Question for Discussion

Take a minute to Google "HPC X" where X is your favorite application. What comes up?

If you have no favorite applications, you might poke through the front page of HPCWire to see some things that others care about!

Why Parallel Computing?

Scientific computing went parallel long ago

  • Want an answer that is right enough, fast enough

  • Either of those might imply a lot of work!

  • We like to ask for more as machines get bigger

  • We have a lot of data, too

Why Parallel Computing?

Today: Hard to get a non-parallel computer!

  • How many cores are in your laptop?

  • How many in NVidia's latest accelerator?

  • What's the biggest single node EC2 instance?

Lecture Plan

  1. Basics: architecture, parallel concepts, locality and parallelism in scientific codes

  2. Technology: OpenMP, MPI, CUDA/OpenCL, cloud systems, compilers and tools

  3. Patterns: Monte Carlo, dense and sparse linear algebra and PDEs, graph partitioning and load balancing, fast multipole, fast transforms

Objectives

Reason about code performance

  • Many factors: HW, SW, algorithms

  • Want simple “good enough” models

Objectives

Learn about high-performance computing (HPC)

  • Learn parallel concepts and vocabulary

  • Experience parallel platforms (HW and SW)

  • Read/judge HPC literature

  • Apply model numerical HPC patterns

  • Tune existing codes for modern HW

Objectives

Apply good software practices

How Fast Can We Go?

Speed records for the Linpack benchmark:

http://www.top500.org

Speed measured in flop/s (floating point ops / second):

  • Giga (\(10^9\)) – a single core

  • Tera (\(10^{12}\)) – a big machine

  • Peta (\(10^{15}\)) – current top 10 machines

  • Exa (\(10^{18}\)) – favorite of funding agencies

Fujitsu Fugaku

Look at the report. What does it say about:

  • Peak flop rate, Linpack rate, HPCG rate?

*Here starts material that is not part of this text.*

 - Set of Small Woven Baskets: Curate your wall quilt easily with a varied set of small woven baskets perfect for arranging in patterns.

  • Energy use and cooling?

  • Individual processor architecture?

  • Network organization?

  • Software stack?

Alternate: Graph 500

Graph processing benchmark (data-intensive)

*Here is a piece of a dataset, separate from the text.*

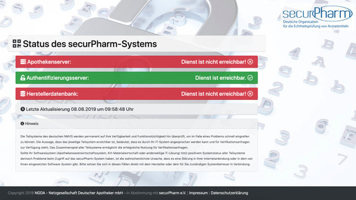 Ursachenforschung und die Suche nach Rat zur Fehlerbehebung gestalteten sich auch schwierig: Anrufer kamen bei Securpharm und der NGDA meist nicht durch, mutmaßlich wegen des hohen Aufkommens waren die Leitungen überlastet. Gegen zehn Uhr am Donnerstagmorgen war die Securpharm-Statusseite erreichbar, zeigte jedoch an, dass sowohl der Apothekenserver als auch die Herstellerdatenbank nicht erreichbar seien. Beide Zeilen waren rot markiert. Der Authentifizierungsserver arbeitet der Seite zufolge jedoch korrekt. Kurz darauf fiel die Seite wieder komplett aus.

  • Metric: traversed edges per second (TEPS)

  • What is Fujitsu Fugaku in GTEPS?

  • How do the top machines compare between Top 500 and Graph 500?

Punchline

  • Some high-end machines look like high-end clusters

    • Except custom networks.

    • And then some machines look very different.

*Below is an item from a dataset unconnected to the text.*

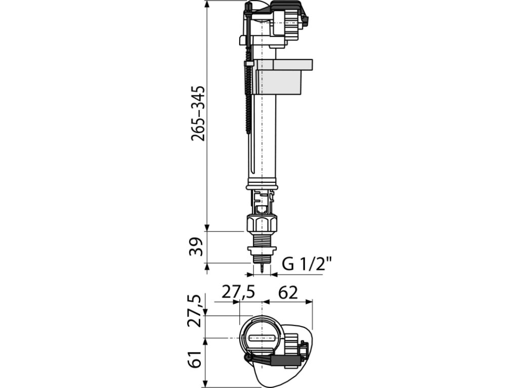 Konstrukce umožňuje seřízení optimální výšky ventilu dle výšky nádržky

  • Achievable performance is

    • \(\ll\) peak performance

    • Application-dependent

  • Peak is hard on more modest platforms, too!

Practical Performance

So how fast can I make my computation?

Peak \(>\) Linpack \(>\) Gordon Bell \(>\) Typical

Practical Performance

Measuring performance of real applications is hard

  • What figure of merit (flops, TEPS, ...?)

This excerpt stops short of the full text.